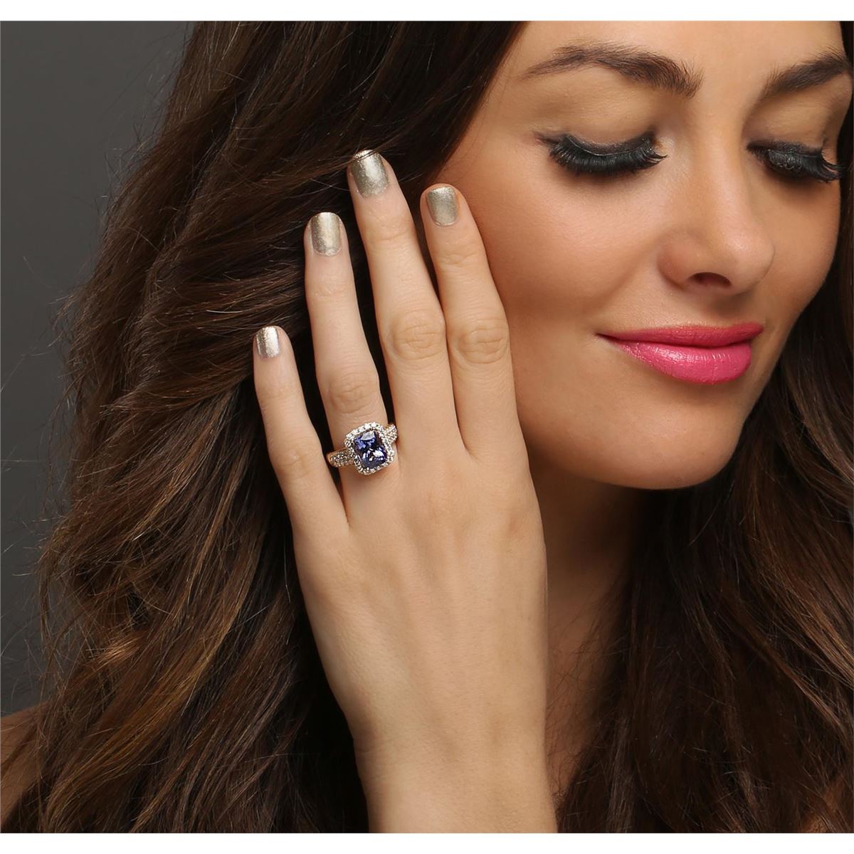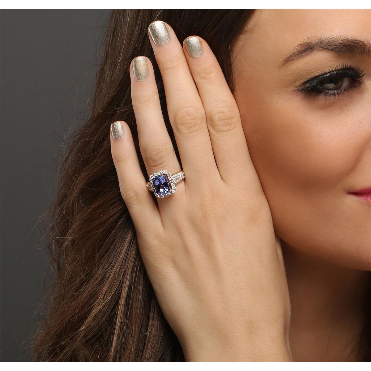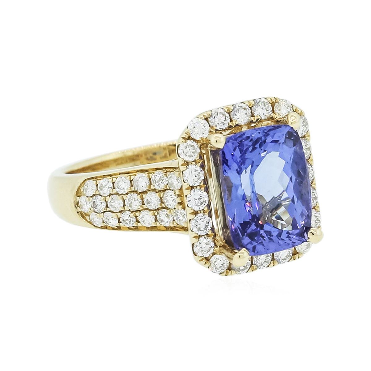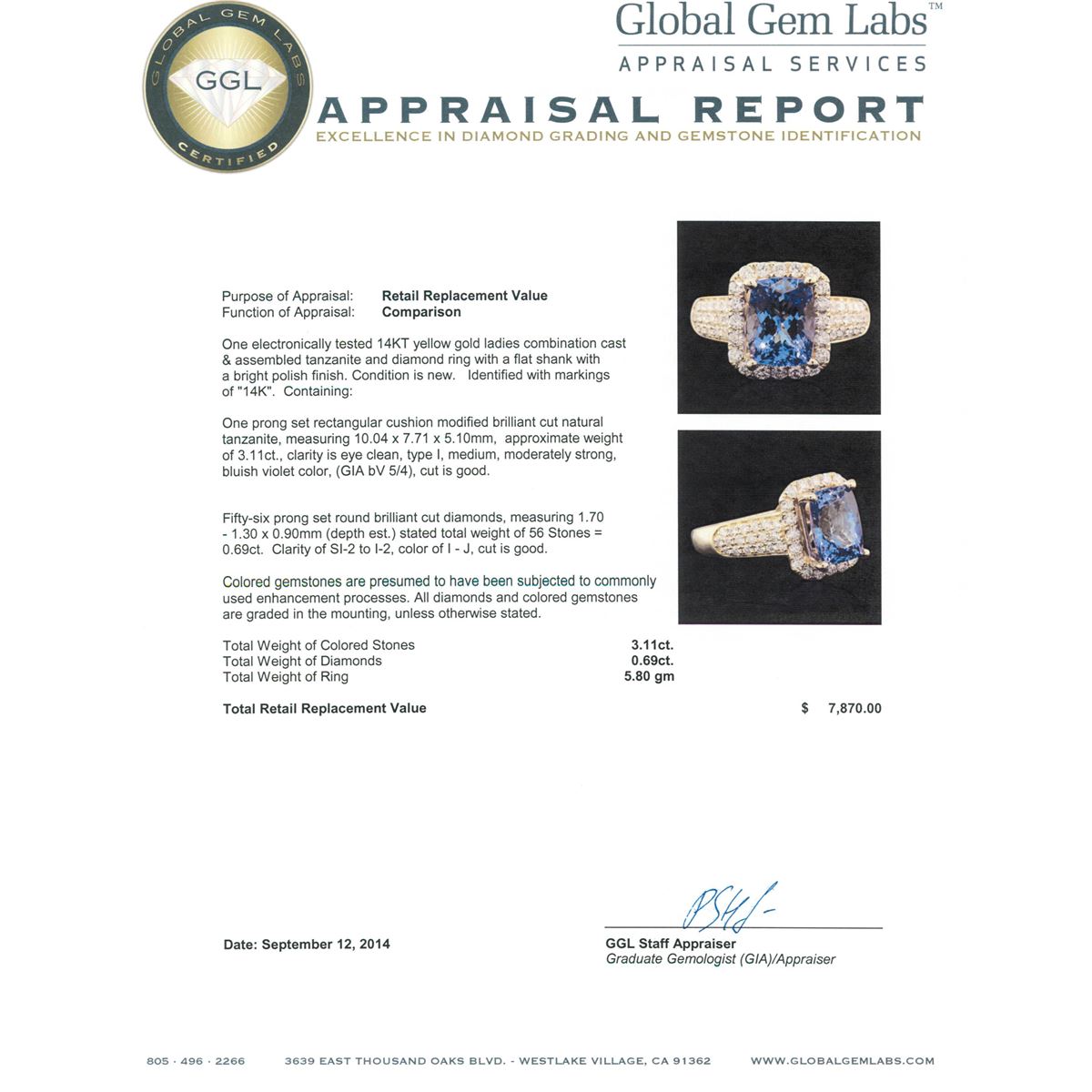 One electronically tested 14KT yellow gold ladies combination cast & assembled tanzanite and diamond ring with a flat shank with a bright polish finish. Identified with markings of "14K". Condition is new. Containing: One prong set rectangular cushion modified brilliant cut natural tanzanite, measuring 10.04 x 7.71 x 5.10mm, approximate weight of 3.11ct., clarity is eye clean, type I, medium, moderately strong, bluish violet color, (GIA bV 5/4), cut is good. Fifty-Six prong set round brilliant cut diamonds, measuring 1.70 - 1.30 x 0.90mm (depth est.) stated total weight of 56 Stones = 0.69ct. Clarity: SI-2 to I-2. Color: I - J, Cut is Good. Colored gemstones are presumed to have been subjected to commonly used enhancement processes. All diamonds and colored gemstones are graded in the mounting, unless otherwise stated total weight of Colored Stones 3.11ct. Total Weight of Diamonds 0.69ct. Total Weight of Ring 5.80 grams. GGL Appraised at $7,870.00.
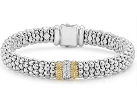 A signature pavé diamond Caviar bracelet with 18K gold accents. LAGOS diamonds are the highest quality natural stones.
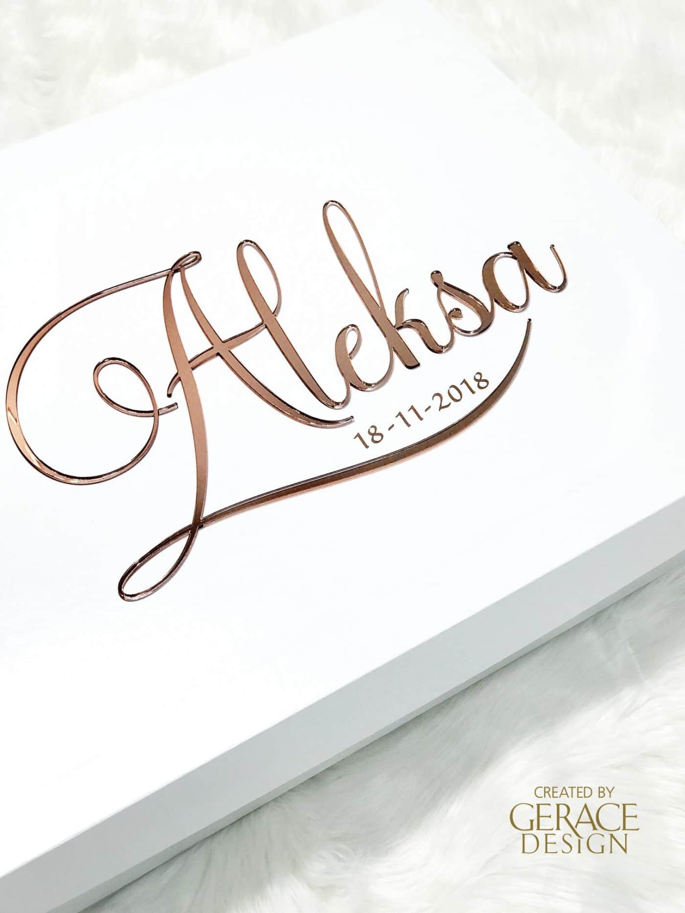 The image shown is an example of a personalised name in Rose Gold acrylic and date in Rose Gold decal
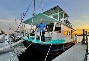 You'll stay aboard the stunning Cajun Queen, a 1961 remodeled tugboat turned liveaboard lodging with 2 bedrooms, 3-4 beds, full galley, dining space, and upper-level party deck.
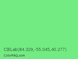 CIELab 84.329,-55.045,40.277 Color is a light green color and the nearest color is Very Light Malachite Green #64e986. Hex code #73eb83 and RGB value is rgb(115,235,131). In RGB color space, this color is composed of 45% red, 92% green, 51% blue, In CMYK color space, this color is composed of 51% cyan, 0% magenta, 44% yellow , 8% black , In HSL color space, this color has a hue angle of 128° , 75% saturation and 69% lightness.
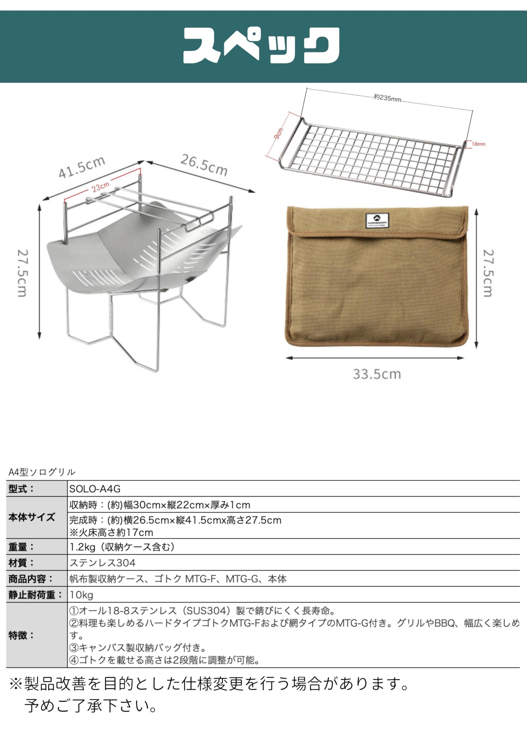 キャンピングムーン(CAMPING MOON) A4型 ソログリル 焚き火台 ソロ 焚火台 焚き火グリル ステンレス304 焼き網 帆布ケース 付 SOLO-A4G
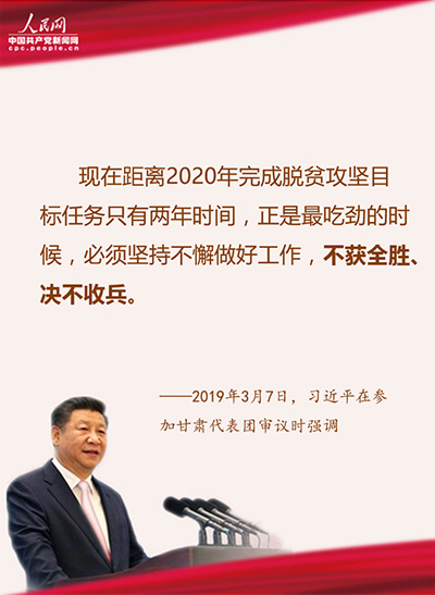1. 现在距离2020年完成脱贫攻坚目标任务只有两年时间,正是最吃劲的时候,必须坚持不懈做好工作,不获全胜、决不收兵。
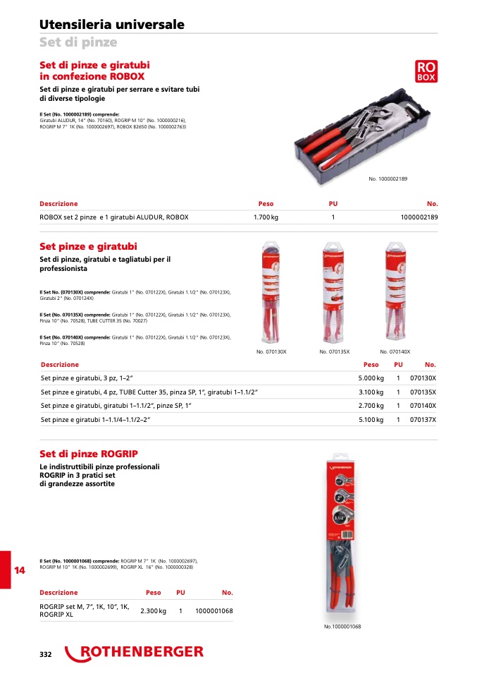 Il Set (No. 070140X) comprende: Giratubi 1“ (No. 070122X), Giratubi 1.1/2“ (No. 070123X),
########################################
- What the exercise asks -
Without the pictures, retype each line of the records above exactly.

- Answer space -
 One electronically tested 14KT yellow gold ladies combination cast & assembled tanzanite and diamond ring with a flat shank with a bright polish finish. Identified with markings of "14K". Condition is new. Containing: One prong set rectangular cushion modified brilliant cut natural tanzanite, measuring 10.04 x 7.71 x 5.10mm, approximate weight of 3.11ct., clarity is eye clean, type I, medium, moderately strong, bluish violet color, (GIA bV 5/4), cut is good. Fifty-Six prong set round brilliant cut diamonds, measuring 1.70 - 1.30 x 0.90mm (depth est.) stated total weight of 56 Stones = 0.69ct. Clarity: SI-2 to I-2. Color: I - J, Cut is Good. Colored gemstones are presumed to have been subjected to commonly used enhancement processes. All diamonds and colored gemstones are graded in the mounting, unless otherwise stated total weight of Colored Stones 3.11ct. Total Weight of Diamonds 0.69ct. Total Weight of Ring 5.80 grams. GGL Appraised at $7,870.00.
 A signature pavé diamond Caviar bracelet with 18K gold accents. LAGOS diamonds are the highest quality natural stones.
 The image shown is an example of a personalised name in Rose Gold acrylic and date in Rose Gold decal
 You'll stay aboard the stunning Cajun Queen, a 1961 remodeled tugboat turned liveaboard lodging with 2 bedrooms, 3-4 beds, full galley, dining space, and upper-level party deck.
 CIELab 84.329,-55.045,40.277 Color is a light green color and the nearest color is Very Light Malachite Green #64e986. Hex code #73eb83 and RGB value is rgb(115,235,131). In RGB color space, this color is composed of 45% red, 92% green, 51% blue, In CMYK color space, this color is composed of 51% cyan, 0% magenta, 44% yellow , 8% black , In HSL color space, this color has a hue angle of 128° , 75% saturation and 69% lightness.
 キャンピングムーン(CAMPING MOON) A4型 ソログリル 焚き火台 ソロ 焚火台 焚き火グリル ステンレス304 焼き網 帆布ケース 付 SOLO-A4G
1. 现在距离2020年完成脱贫攻坚目标任务只有两年时间,正是最吃劲的时候,必须坚持不懈做好工作,不获全胜、决不收兵。
 Il Set (No. 070140X) comprende: Giratubi 1“ (No. 070122X), Giratubi 1.1/2“ (No. 070123X),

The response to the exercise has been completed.